What should Black women do in these situations?
For Black women, I make a recommendation in the report, qualifying it, by saying that this double gap is not due to any lacking on the part of Black women in terms of negotiating. Because one of the pushbacks will be that women and Black people lack the appropriate negotiating skills. They'll say, “It’s not a race thing. It’s not a gender thing.” I don’t buy that argument. This is not an innate problem. We are dissuaded from negotiating. It’s not any lacking on the part of women, Black people, or Black women. So, it’s not really up to us to solve this.

But given the context, one thing that black women can do is negotiate for compensation and benefits whenever possible. Once Black women figure out how much they want to ask for, what they think they deserve, and have consulted with family and friends, I recommend that Black women ask for a little bit more. If you’re about to be promoted or hired for a job and you’ve done your research, and you think that 65,000 dollars seems like it would be fair compensation, my suggestion is to ask for five to 10 percent more than that. Don’t try to just singularly close the gender wage gap and ask for 50 percent more, because there will be backlash. The research is very clear on that. Don’t go in, guns blazing. Ask for five to 10 percent more. If you want to go for broke, ask for 15 percent more. You might not get it, but if you don’t ask for just a little bit more, you definitely won’t get it. Even if you’re a woman of color who’s a blue-collar worker, you might not have a lot of wiggle room with compensation, but there are other things that you can ask for, like a better work schedule or extra vacation days. You might not get it, but you should ask because the chances are really good that you’re being underpaid, under-compensated, undervalued. These are the small actions you can take to try to chip away at that.

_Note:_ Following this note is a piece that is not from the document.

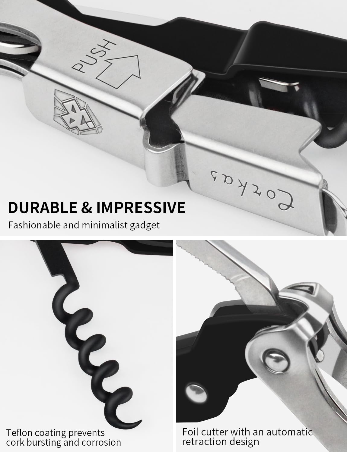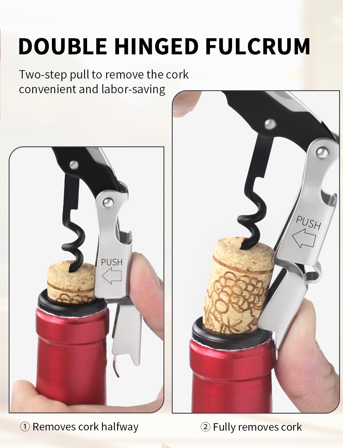 ✅【EFFORTLESS WINE EVERY TIME】Effortlessly glide through any cork with the CORKAS waiters corkscrew. The double-hinged fulcrum provides extra leverage for smoother extraction to ensure smooth, frustration-free uncorking. Its Teflon-coated worm could reduces friction and noise, easier to glide through corks, minimizing wear and tear, No more crumbled corks or wasted time – just perfectly extracted wine, ready to be enjoyed.

“What has to be accompanied is an employer’s will to not just be focused on executive-level compensation, but compensation for the least paid employee.” —Michelle Holder

What can companies do to help close the double gap?
If progressive-minded employers want to take action to determine whether or not something is awry in their organization, there’s a whole infrastructure in place to determine that: It’s called a pay parity audit where independent and trained professionals can be brought in to look at the salary structure. It’s simple and straightforward. And can determine whether there are inequities in the compensation structure in an organization. But employers have to be willing to do that. In fact, when executives are being considered for raises, they bring in auditors to look at the compensation structure within an organization, to look at comparable compensation structures within the industry, to then make a recommendation to the board of directors whether or not the CEO should get half a million more. This is routinely done. What has to be accompanied is an employer’s will to not just be focused on executive-level compensation, but compensation for the least paid employee.